TASK DETAILS:
What is wanted is every line below from the one with "Students examine the" up to and including the one with "Hierarchyビューにあ", retyped exactly, pictures excluded, nothing else.

*** DATASET RECORDS Section Begins ***

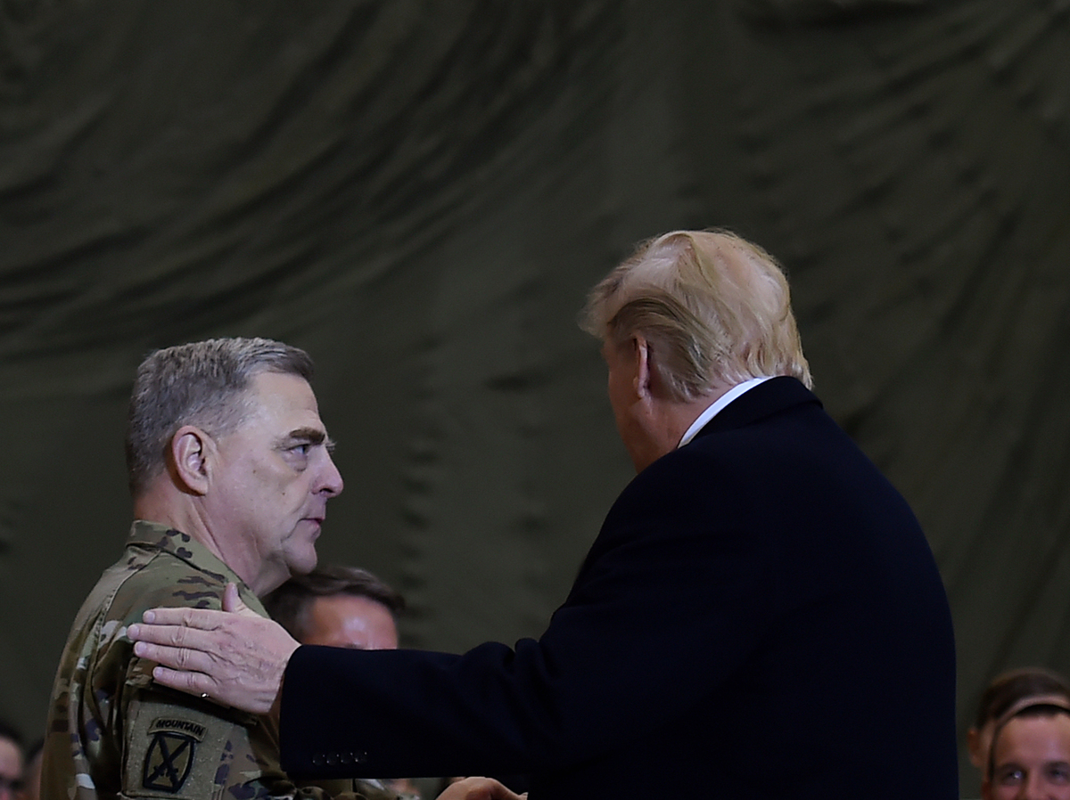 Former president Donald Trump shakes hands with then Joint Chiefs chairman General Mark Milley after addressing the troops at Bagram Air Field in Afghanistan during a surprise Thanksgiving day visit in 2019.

*** DATASET RECORDS Section Ends ***
*** DATASET RECORDS Section Begins ***

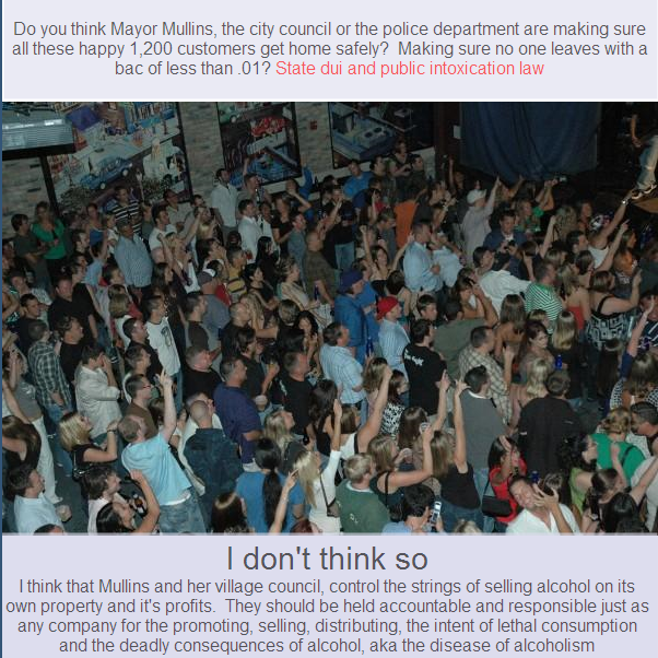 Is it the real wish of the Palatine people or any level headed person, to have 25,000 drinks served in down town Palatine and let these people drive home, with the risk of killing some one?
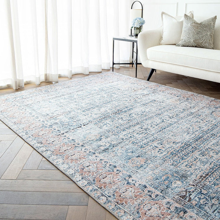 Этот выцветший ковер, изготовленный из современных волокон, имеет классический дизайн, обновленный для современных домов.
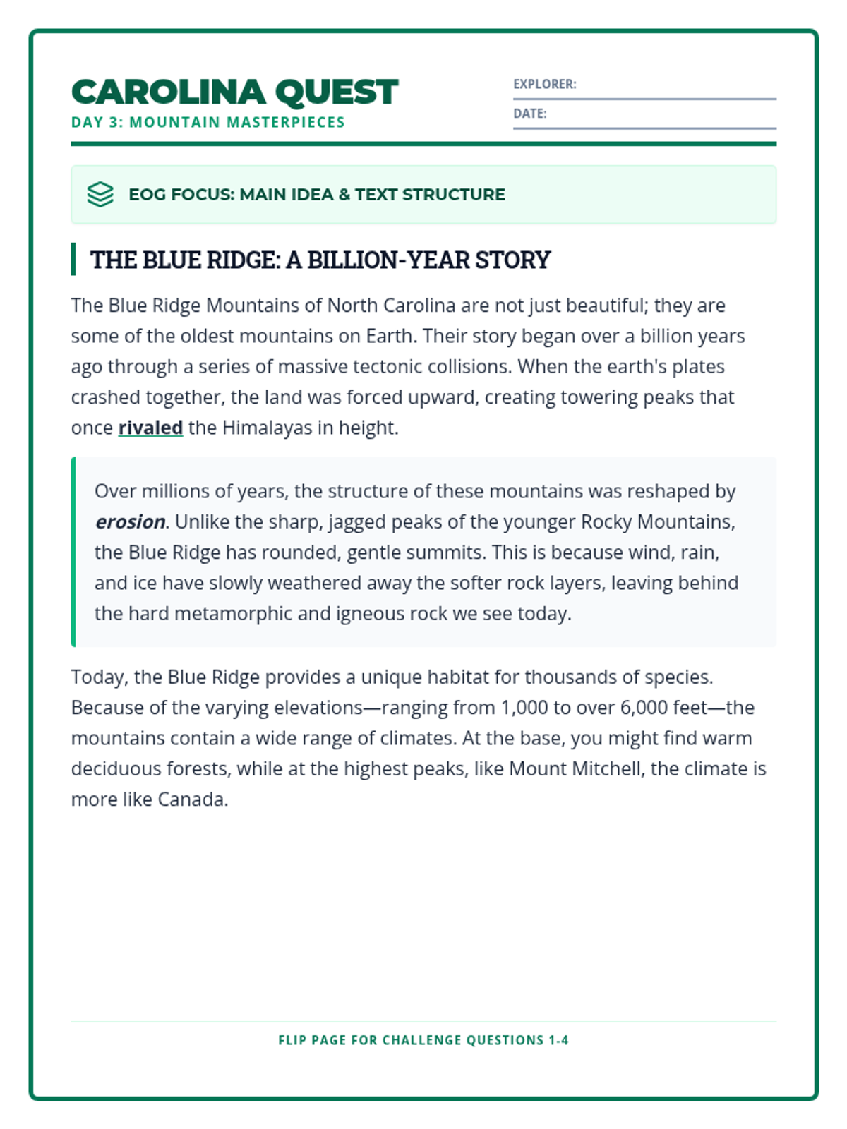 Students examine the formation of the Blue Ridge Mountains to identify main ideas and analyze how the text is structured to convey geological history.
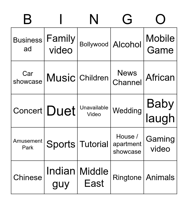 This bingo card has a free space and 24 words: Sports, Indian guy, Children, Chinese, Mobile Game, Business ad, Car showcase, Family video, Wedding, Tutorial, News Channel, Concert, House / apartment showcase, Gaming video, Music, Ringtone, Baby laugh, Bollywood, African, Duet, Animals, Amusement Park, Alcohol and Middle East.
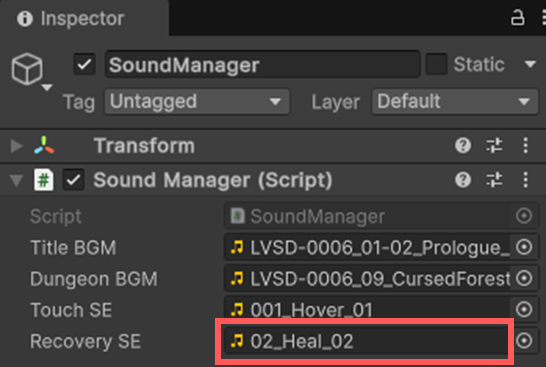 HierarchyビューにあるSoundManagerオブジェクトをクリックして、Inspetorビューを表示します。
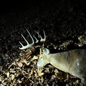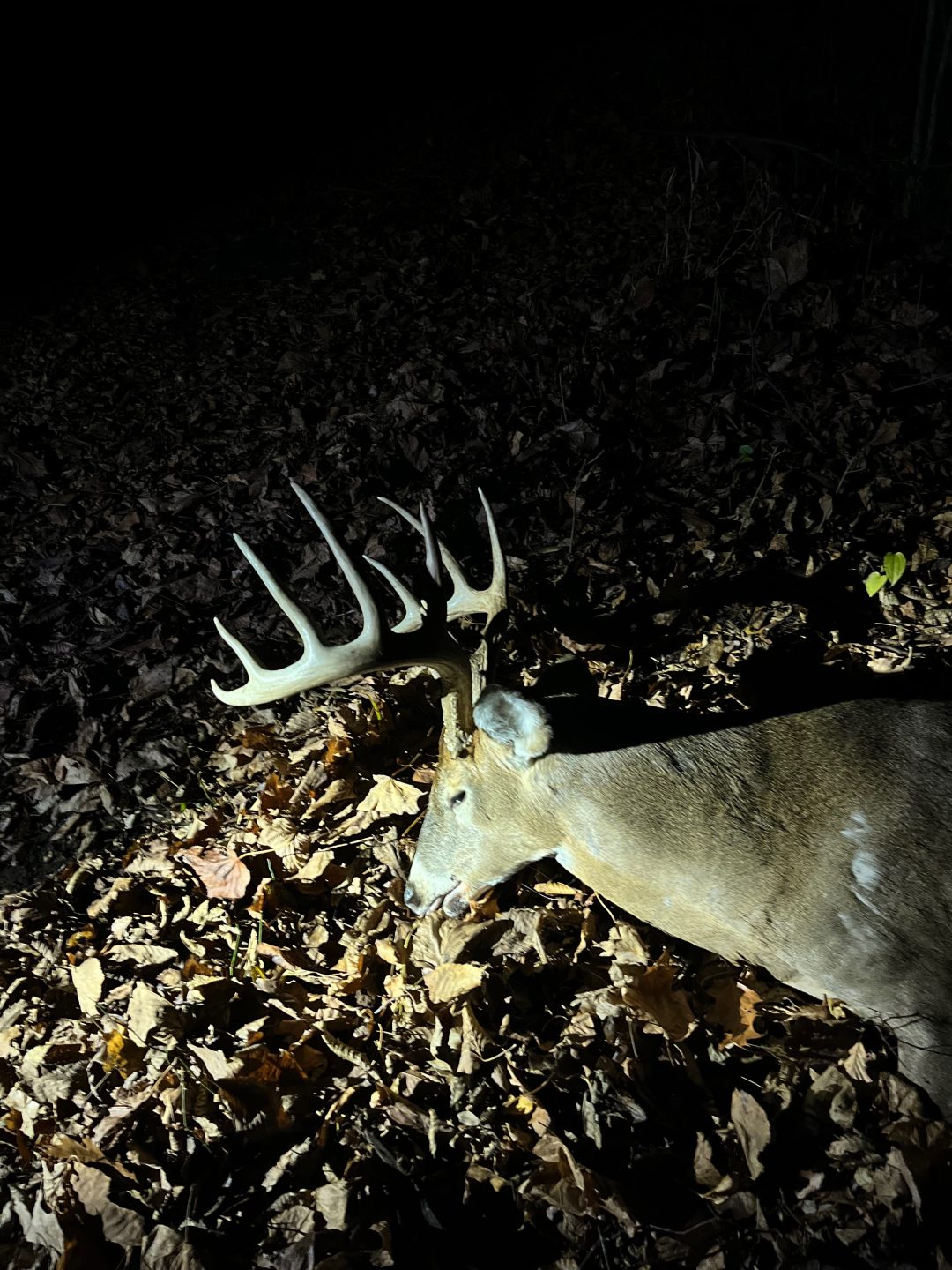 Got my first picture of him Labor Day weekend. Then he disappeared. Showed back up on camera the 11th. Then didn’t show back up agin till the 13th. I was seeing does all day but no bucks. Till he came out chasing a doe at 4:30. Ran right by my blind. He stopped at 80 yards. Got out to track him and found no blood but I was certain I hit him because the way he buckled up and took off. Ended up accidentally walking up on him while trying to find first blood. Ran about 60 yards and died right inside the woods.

*** DATASET RECORDS Section Ends ***

TASK RESPONSE:
 Students examine the formation of the Blue Ridge Mountains to identify main ideas and analyze how the text is structured to convey geological history.
 This bingo card has a free space and 24 words: Sports, Indian guy, Children, Chinese, Mobile Game, Business ad, Car showcase, Family video, Wedding, Tutorial, News Channel, Concert, House / apartment showcase, Gaming video, Music, Ringtone, Baby laugh, Bollywood, African, Duet, Animals, Amusement Park, Alcohol and Middle East.
 HierarchyビューにあるSoundManagerオブジェクトをクリックして、Inspetorビューを表示します。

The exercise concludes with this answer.